Start of Provided entries

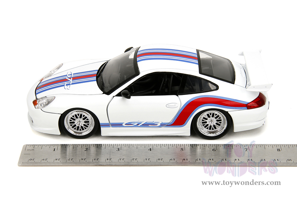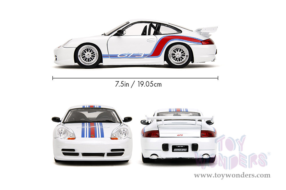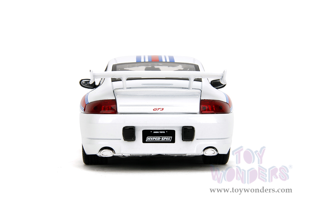 Jada Toys Hyper-Spec - Porsche 911 GT3 (996) (1/24, diecast model car, White/w Red and Blue Stripes) 35491
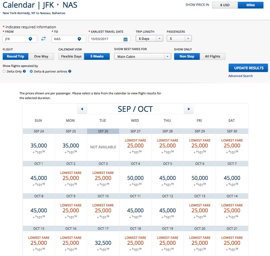 I decided to look up availability for a family of five between New York JFK and Nassau Bahamas using Delta’s low fare calendar. Availability is plenty, but the lowest price is 25,000 miles round trip.
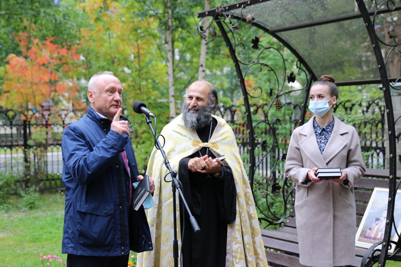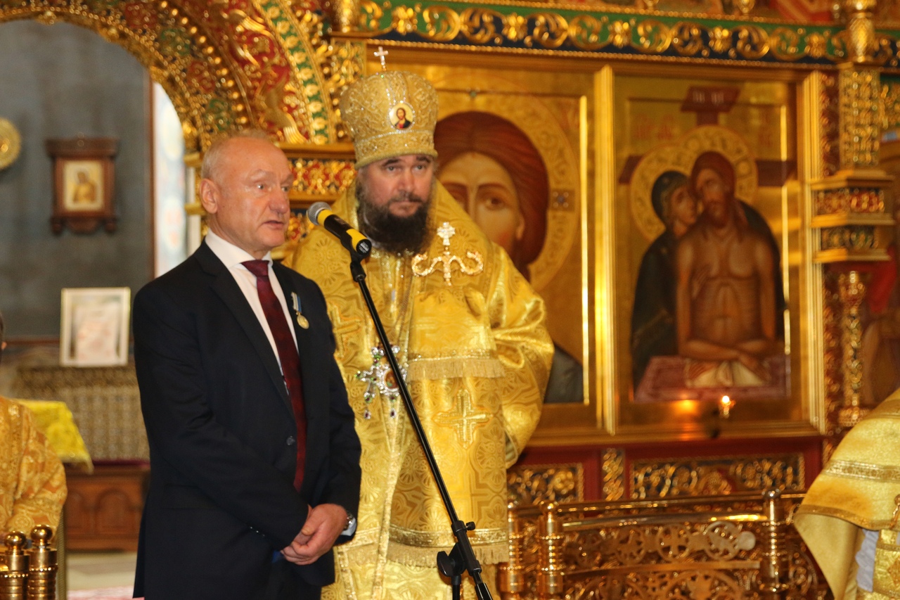 Установка и освящение креста состоялись после утреннего богослужения в храме преподобного Серафима Саровского, которое было совершено архиерейским чином. После завершения литургии епископ Югорский и Няганский Фотий, пребывающий в эти дни в Белоярском, вручил главе муниципалитета Сергею Маненкову медаль Югорской епархии I степени «За усердные труды на благо Югорской епархии». Владыка напомнил, что в этом году Югорской епархии исполнилось пять лет. На начальном сложном этапе ее становления большую помощь и поддержку оказал Сергей Маненков, и продолжает помогать по сей день. "Искренне благодарю вас за те труды, которые вы принесли", — сказал Его Преосвященство.
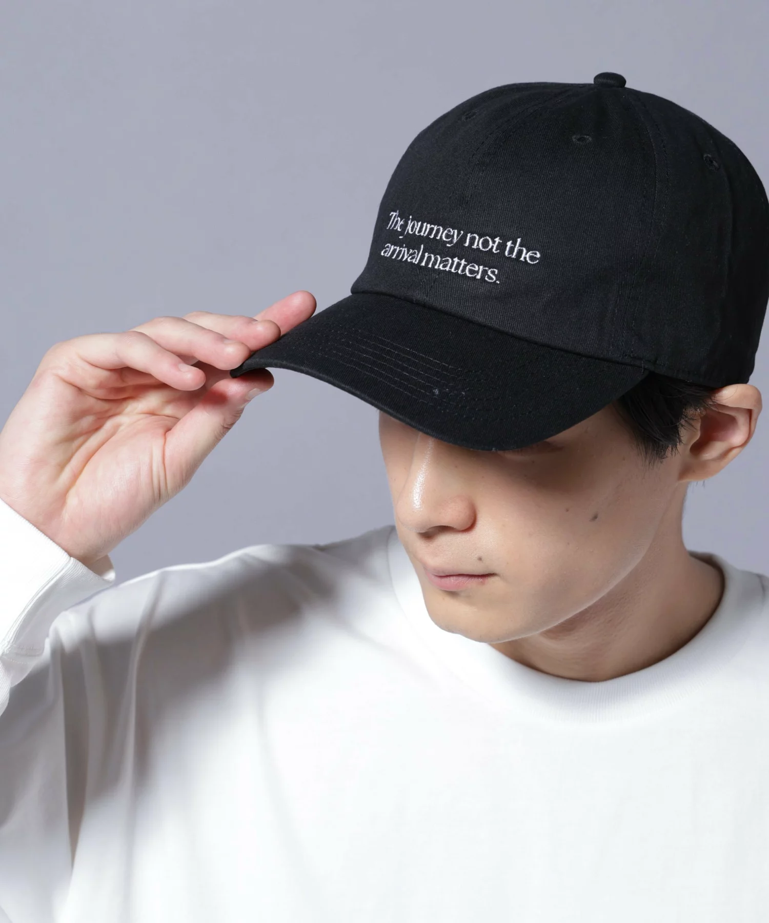 面長に似合うキャップは、顔の縦幅をカバーする、深めに被れるものやツバが長めのデザインです。そして、つばを前に出すようにかぶり、目線を下げるとさらにバランスよく見えます。
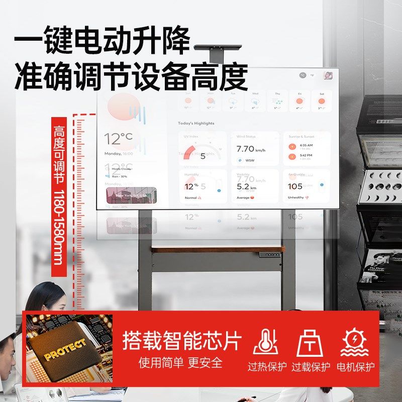 电视机移动支架电动遥控智能升降落地立式带轮推车65/75/85寸通用
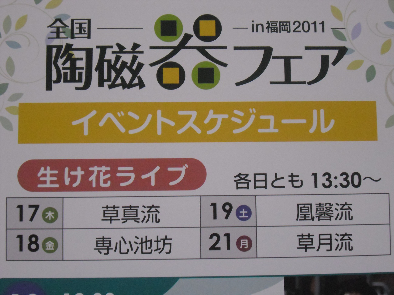 明日18日は13時半から1時間いけばなライブです。
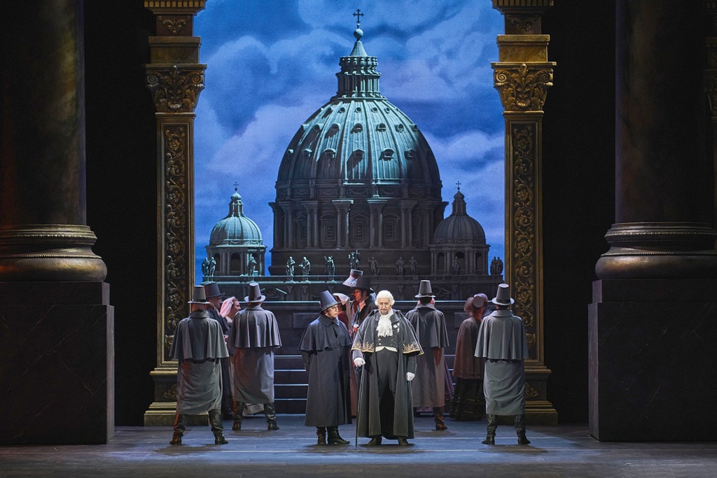 То был 10-й со дня премьеры показ «римской оперы» Пуччини. «Тоска» – двухчасовой трехактный концентрат человеческой драмы, где кипят уже не древнеегипетские – вовсе не «античные»! – страсти. Кровавую драму внутри классического любовного треугольника «Каварадосси – Тоска – Скарпиа» с явно злодейской вершиной Иркин Габитов (режиссер), Вячеслав Окунев (сценограф и художник по костюмам) и Александр Кибиткин (художник по свету) помещают в монументально-помпезную декорацию Вечного города в каждой из его сюжетных локализаций. Классика мощно проступает во всём: в живописном декоре и архитектурном правдоподобии эпохи наполеоновских войн, в исторических костюмах и мизансценах. Вторя этому, совершенная классика царит и в оркестровом аккомпанементе, и в вокально-актерской линии, которую мастерски проводит тройка главных персонажей.

End of Provided entries

● **What you need to do**: The job here is to write out the records exactly, pictures excluded.

● **Solution below**:
 Jada Toys Hyper-Spec - Porsche 911 GT3 (996) (1/24, diecast model car, White/w Red and Blue Stripes) 35491
 I decided to look up availability for a family of five between New York JFK and Nassau Bahamas using Delta’s low fare calendar. Availability is plenty, but the lowest price is 25,000 miles round trip.
 Установка и освящение креста состоялись после утреннего богослужения в храме преподобного Серафима Саровского, которое было совершено архиерейским чином. После завершения литургии епископ Югорский и Няганский Фотий, пребывающий в эти дни в Белоярском, вручил главе муниципалитета Сергею Маненкову медаль Югорской епархии I степени «За усердные труды на благо Югорской епархии». Владыка напомнил, что в этом году Югорской епархии исполнилось пять лет. На начальном сложном этапе ее становления большую помощь и поддержку оказал Сергей Маненков, и продолжает помогать по сей день. "Искренне благодарю вас за те труды, которые вы принесли", — сказал Его Преосвященство.
 面長に似合うキャップは、顔の縦幅をカバーする、深めに被れるものやツバが長めのデザインです。そして、つばを前に出すようにかぶり、目線を下げるとさらにバランスよく見えます。
 电视机移动支架电动遥控智能升降落地立式带轮推车65/75/85寸通用
 明日18日は13時半から1時間いけばなライブです。
 То был 10-й со дня премьеры показ «римской оперы» Пуччини. «Тоска» – двухчасовой трехактный концентрат человеческой драмы, где кипят уже не древнеегипетские – вовсе не «античные»! – страсти. Кровавую драму внутри классического любовного треугольника «Каварадосси – Тоска – Скарпиа» с явно злодейской вершиной Иркин Габитов (режиссер), Вячеслав Окунев (сценограф и художник по костюмам) и Александр Кибиткин (художник по свету) помещают в монументально-помпезную декорацию Вечного города в каждой из его сюжетных локализаций. Классика мощно проступает во всём: в живописном декоре и архитектурном правдоподобии эпохи наполеоновских войн, в исторических костюмах и мизансценах. Вторя этому, совершенная классика царит и в оркестровом аккомпанементе, и в вокально-актерской линии, которую мастерски проводит тройка главных персонажей.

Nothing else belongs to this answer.